Они были у опушки леса. Она круто повернула обратно, на шуршащие листы. Он пошел за нею.
— Я два раза был женат… — сказал тихо Суровцев.
Было понятно, что он готов рассказать большую и длинную историю. Она шла, опустив голову, казалось, не слушая. Он смолк. Шелестели листья под ногами.
И роды пришли неурочно, за четыре дня до срока.
Схватки начались в одиннадцать вечера, сейчас же, как она легла в постель и потухло электричество. Она спустилась вниз и позвонила в Москву, чтобы прислали машину. В доме, куда она звонила, никто не подходил к телефону. Она позвонила к товарищу Юрисовой, там сказали, что Юрисова в театре. Она вновь позвонила в пустой дом и долго ждала у телефона, никто не отвечал. Она пошла к дежурной няне, попросила разбудить заведующую. Заведующая жила во флигеле, няня ушла. Полураздетый с лестницы сбежал Иван Федорович Суровцев и зазвонил в Москву, он кричал в трубку, голос его был грозен:
— Давай, давай срочно, без промедления, дорога каждая минута, срочно!..
Он позвонил в другой телефон, говорил непререкаемо:
— Василий Иванович, друг!.. Я вытребовал свою машину, она уже пошла, нужно совершенно срочно, умоляю, пришли свою, срочно, моментально! Спасибо, жду! Если моя придет раньше, я верну твою с дороги, она пойдет следом!.. Спасибо!..
Он сказал ей:
— Машина будет через двадцать минут. Идемте одеваться.
Он говорил, распоряжаясь. Левой рукой он взял ее за левый локоть и правой обнял за талию, помогая идти.
— Я на минуту, собрать свои вещи, — сказал он, — я сейчас приду помочь.
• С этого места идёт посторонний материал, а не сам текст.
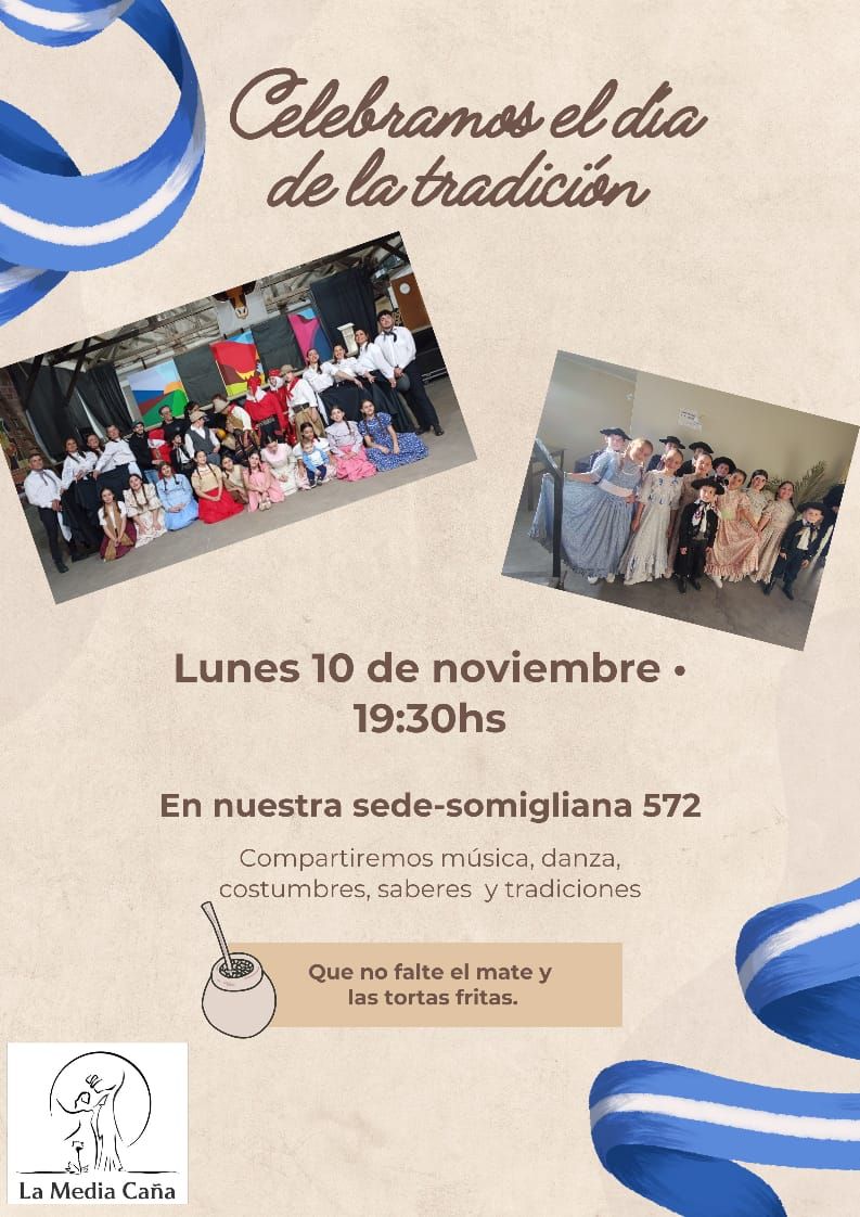 La Academia Folclórica La Media Caña, invita a la comunidad a festejar el Día de la Tradición, hoy lunes 10 de Noviembre a las 19,30 horas en su sede de Somigliana 572. Allí, además, de música y danza como es habitual, se podrá disfrutar y compartir de costumbres, saberes y tradiciones, además de mates y torta fritas.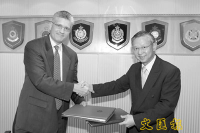 保安局局長李少光(右)昨日代表香港特別行政區政府,與代表以色列國政府的以色列總領事Mr Eli Avidar(左)交換刑事事宜相互法律協助協定的文本。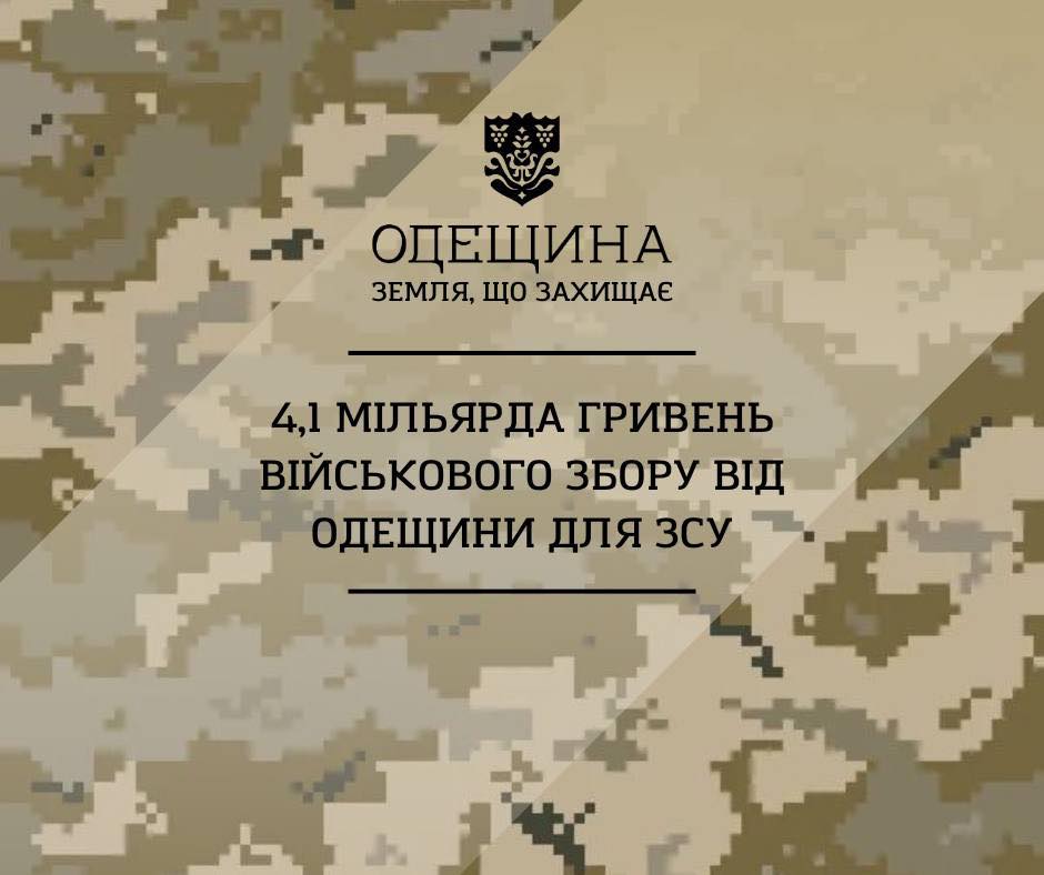 4,1 мільярда гривень військового збору від Одещини для ЗСУ З початку 2025 року…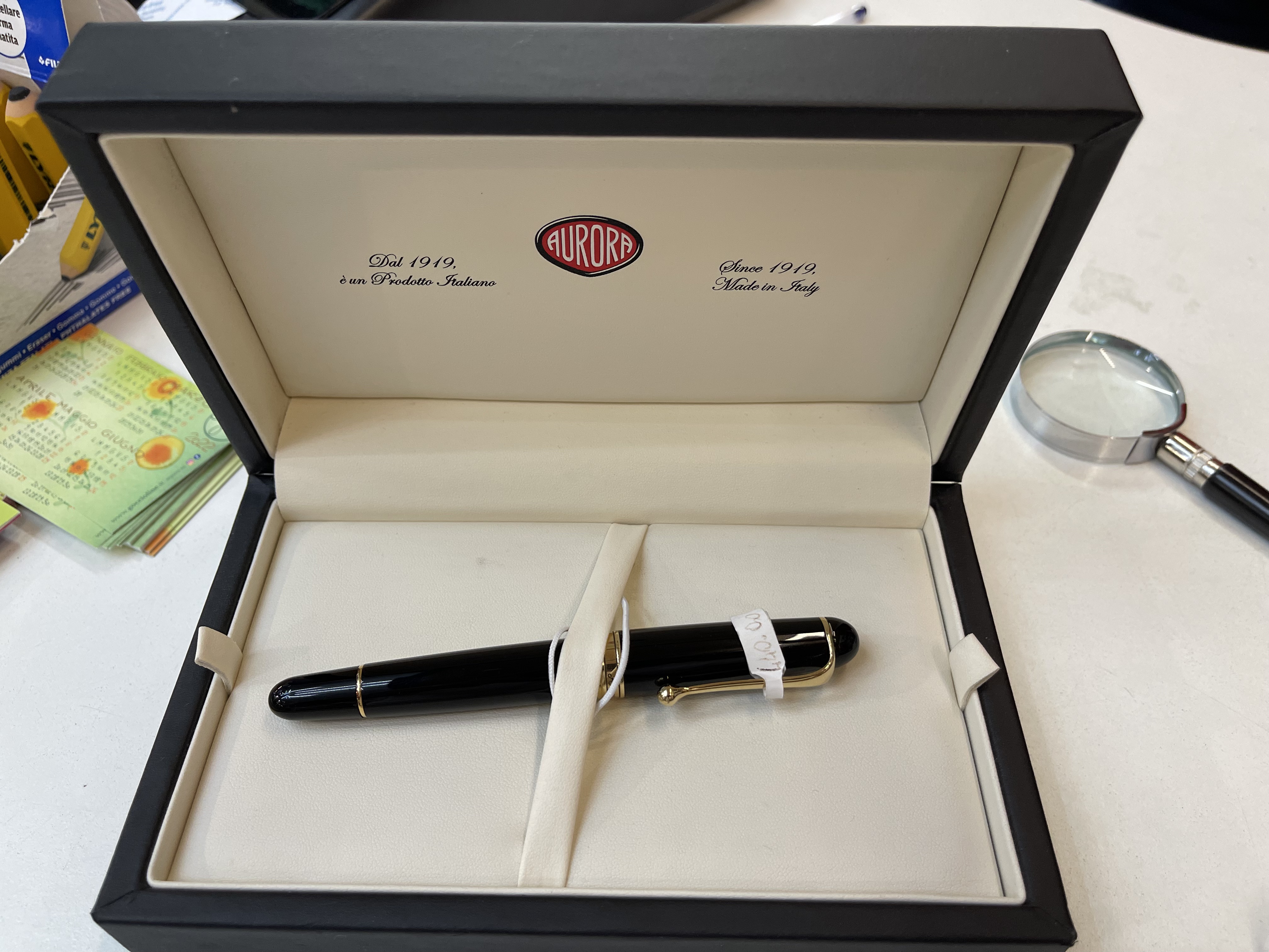 sto per fare un acquisto di una penna Aurora, quella che vedete nell'immagine allegata, qualcuno sa dirmi se effettivamente è una Aurora 88 Big?, il titolare della cartoleria non sa dirmi da quando tempo è in vetrina, non trova nemmeno la scatola di cartone originale.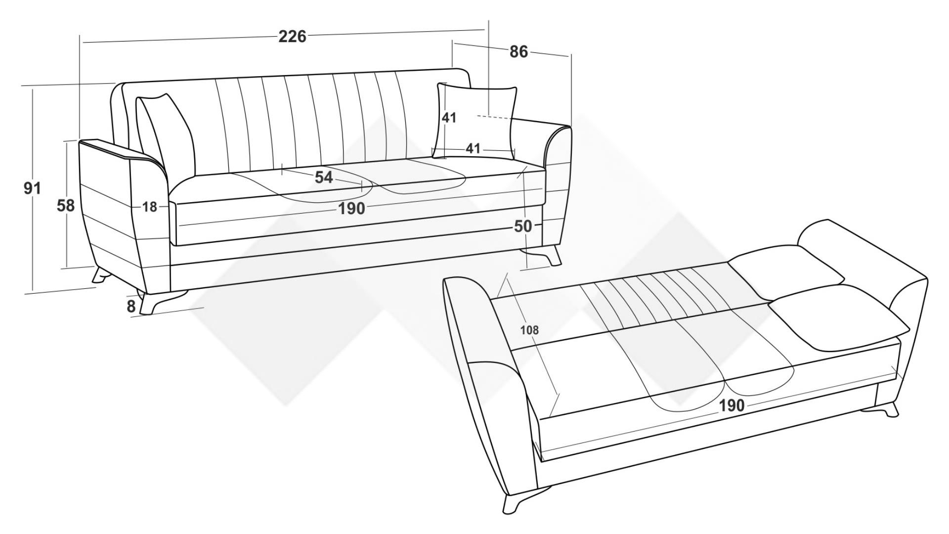Диванът има здрава конструкция от масивна дървесина и ПДЧ, отличаващи се с устойчивост за дълъг период на употреба. Моделът се предлага в цветови комбинации, подходящи както за класически, така и за по-модерен интериор.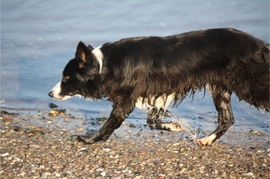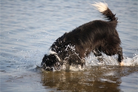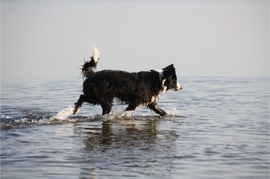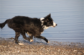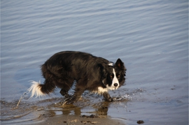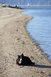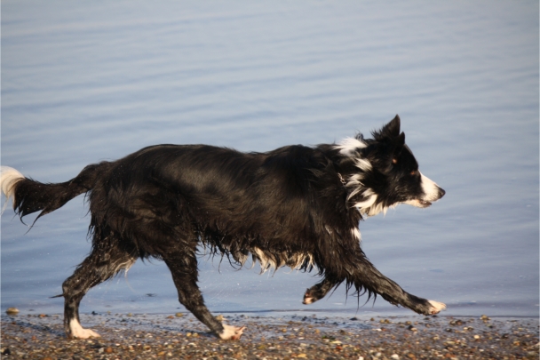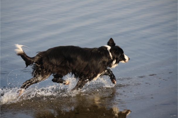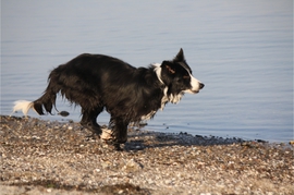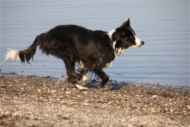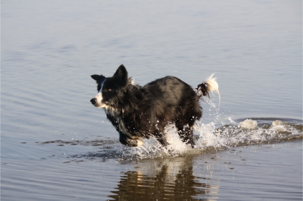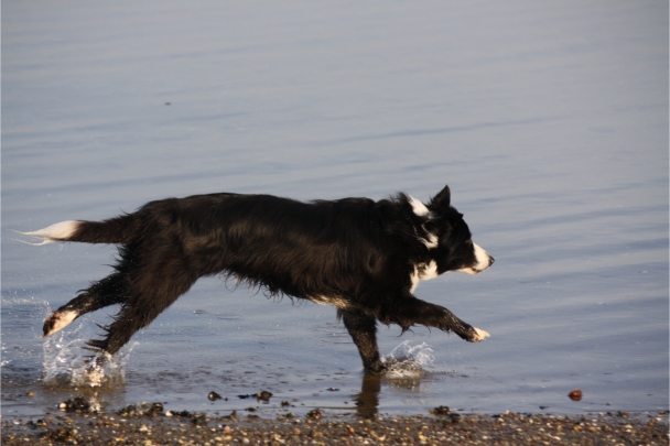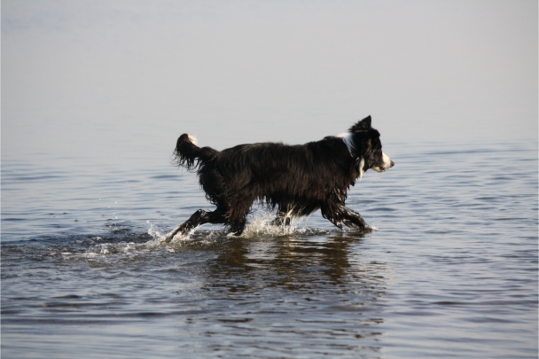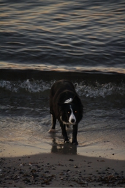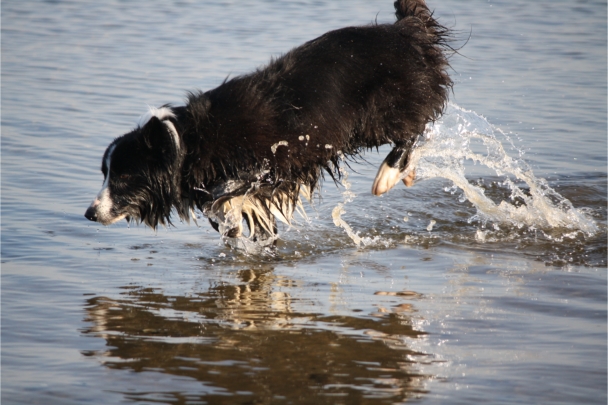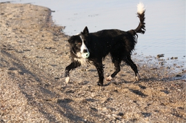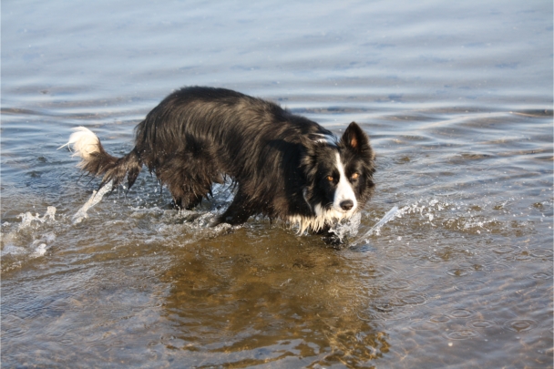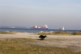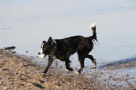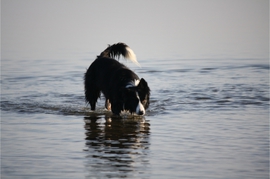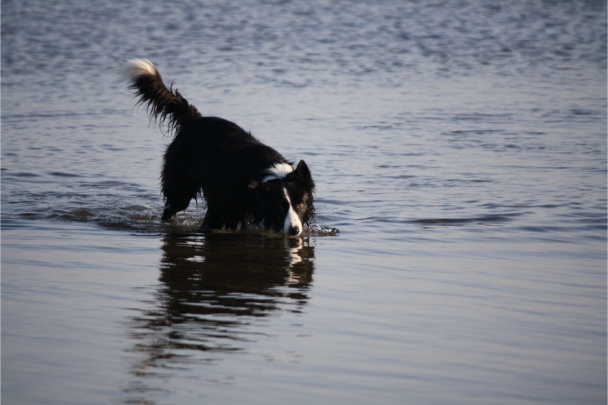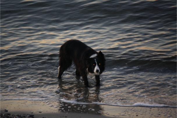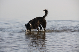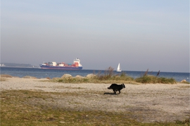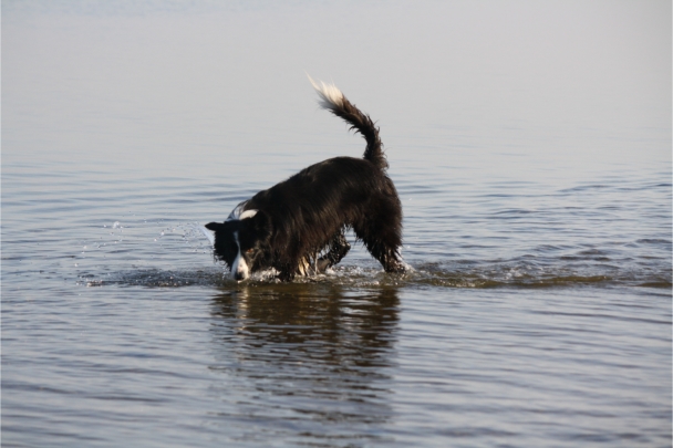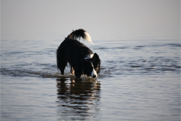 20. Oktober, morgens bei Laboe. Da hatte ich kein Schwimmspielzeug mit, deshalb gab es den Dentalball z.T. im niedrigen Wasser zu erschnüffeln und ertauchen.

Он совал свои вещи в чемодан, как попало, галстук его был повязан набок. Он вошел в ее комнату, поднял с пола ее чемодан, собрал со стола книги и бумагу, положил их на дно чемодана, открыл шкаф и ящики ночного столика, — не забыла ли чего. Он бросился к ее ногам и надел туфли, завязал их. Он подал пальто и пытался его застегнуть. Заведующая и нянька оказались не у дел. Он взял свой и ее чемоданы. Прожектор автомобиля издалека бросил свет на дом. Они вышли на крыльцо. Он сунул чемоданы к шоферу. Он обнял ее за плечи и прислонил ее голову к своей груди, гладил ее шапочку.
Он крикнул шоферу:
— В Москву, к Таганке, живо!.. О, черт!..
Шофер бросился на темноту, машину тряхнуло канавой. Он крикнул шоферу:
— Тише!.. О, черт!..
Всю дорогу они не молвили ни слова. Когда он видел, что она мучится, он прижимал ее голову к своей груди, бестолково, растерянно и нежно гладил ее шапочку. В вестибюле родильного дома ко всему на свете привычный, а главным образом к родам, степенный дед распорядился, сказал Суровцеву:
— Жену пока посадите на скамеечку. Сейчас скажу дежурному доктору, он ее возьмет в смотровую, а вы погодите здесь, я ее вещи вам верну. Давайте путевку.
Она протянула Суровцеву свою сумочку, он раскрыл и стал рыться в бумагах. Дед ушел. Дед вернулся и молвил сурово:
— Пожалуйте.
Суровцев помог ей подняться со скамейки, обнял ее и поцеловал в лоб. Она обняла его. Она положила голову ему на плечо. Она подняла голову. Глаза ее светились слезами. Она поцеловала его. Дед повел ее по ступенькам вверх. Через полчаса дед вынес узелок с бельем и платьем, сумочку с документами и с деньгами, отдал пальто, сказал:
— Поместили в предродилку. Завтра ждите сынка или дочку. Позвоните по телефону или приезжайте часам к одиннадцати.